Porquê? Boyhood venceu nos Golden Globes, no Critics Choice e nos BAFTA e é filme mais querido do ano. Entendo as razões e estou ansiosa por ver este filme. No início achei que este prémio ia para American Sniper porque é o filme que a Academia adora e os americanos, em geral, adoram; faz deles heróis. Agora acho que se vai disputar a estatueta com alguém será com Birdman. Gostava que o vencedor fosse Whiplash pelas razões enumeradas no post anterior.

Melhor Realizador: Richard Linklater - Boyhood
Porquê?  Tal como na estatueta de Melhor Filme acho que este pode ser disputado entre Linklater e o realizador de Birdman - Alejandro González Iñárritu. Não tenho nenhuma preferência nesta categoria e só vi 2 dos 5 nomeados. No entanto apostaria em Linklater pelo seu projecto ambicioso de 12 anos e penso que é por essa mesma razão que a Academia irá entregar-lhe o prémio.

Melhor Actriz: Julianne Moore - Still Alice (Rosamund Pike - Gone Girl)
  Porquê? Mais uma vez vou pela opinião comum de que Julianne Moore vai ganhar com o seu papel em Still Alice e também porque saiu vencedora de todas as cerimónias que precederam os Óscares. No entanto estou a torcer para que a estatueta vá com Rosamund Pike em Gone Girl que interpreta magistralmente o seu papel; o filme é dela!

Melhor Actor: Eddie Redmayne - The Theory of Everything (Eddie Redmayne - The Theory of Everything)
Porquê? Para todos aqueles que viram o filme é fácil perceber porque acho que ele vai vencer e porque quero que ele vença. Não tenho mais comentários a fazer nesta categoria. Desempenho perfeito!

Melhor Actriz Secundária: Patricia Arquette - Boyhood
Porquê? Para ser sincera nenhum desempenho das actrizes nomeadas nesta categoria me fez querer dar-lhes um Óscar, não há nenhuma interpretação que me tivesse ficado na memória. Estiveram todas bem, só bem. Nada de extraordinário. Ainda assim vou pela opinião comum e acho que Patricia Arquette vai levar a estatueta.
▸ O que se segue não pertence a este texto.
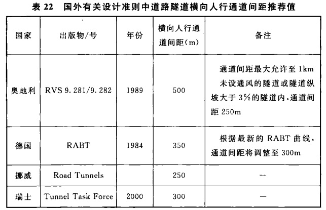 根据荷兰及欧洲的一系列模拟实验,250m为隧道内的人员在初期火灾烟雾浓度未造成更大影响情况下的最大逃生距离。行业标准《公路隧道设计规范》JTG D70-2004规定了山岭公路隧道的人行横通道间隔:人行横通道的设置间距可取250m,并不大于500m。美国消防协会《公路隧道、桥梁及其他限行公路标准》NFPA 502(2011年版)规定:隧道应有应急出口,且间距不应大于300m;当隧道采用耐火极限为2.00h以上的结构分隔,或隧道为双孔时,两孔间的横通道可以替代应急出口,且间距不应大于200m。其他一些国家对人行横通道的规定如表22。

Melhor Actor Secundário: J.K. Simmons - Whiplash (J.K. Simmons - Whiplash)
Porquê? Uma prestação intensa e muito boa de J.K. Simmons e por isso acho que o Óscar não pode ser entregue a mais ninguém. No entanto dava uma menção honrosa ao "meu querido" Edward Norton!

Melhor Argumento Adaptado: The Imitation Game por Graham Moore; Whiplash por Damien Chazelle
Porquê? É a categoria que me suscita mais dúvidas e fica bem entregue a qualquer um dos dois, no entanto a minha preferência pende ligeiramente para Whiplash; mas acho que será The Imitation Game a sair vencedor.

Melhor Argumento Original: Birdman por Alejandro G Iñarritu, Nicolas Giacobone, Alexander Dinelaris, Armando Bo; The Grand Budapest Hotel por Wes Anderson, Dan Futterman
Porquê? Não tenho preferências porque só vi um dos filmes nomeados para esta categoria. Acho que o prémio estará dividido entre estes dois filmes porque Birdman saiu vencedor nos Golden Globes e nos Critic Choice, enquanto que The Grand Budapest Hotel levou a melhor nos BAFTA e nos WGA. Se tivesse de apostar só num, apostava em Birdman.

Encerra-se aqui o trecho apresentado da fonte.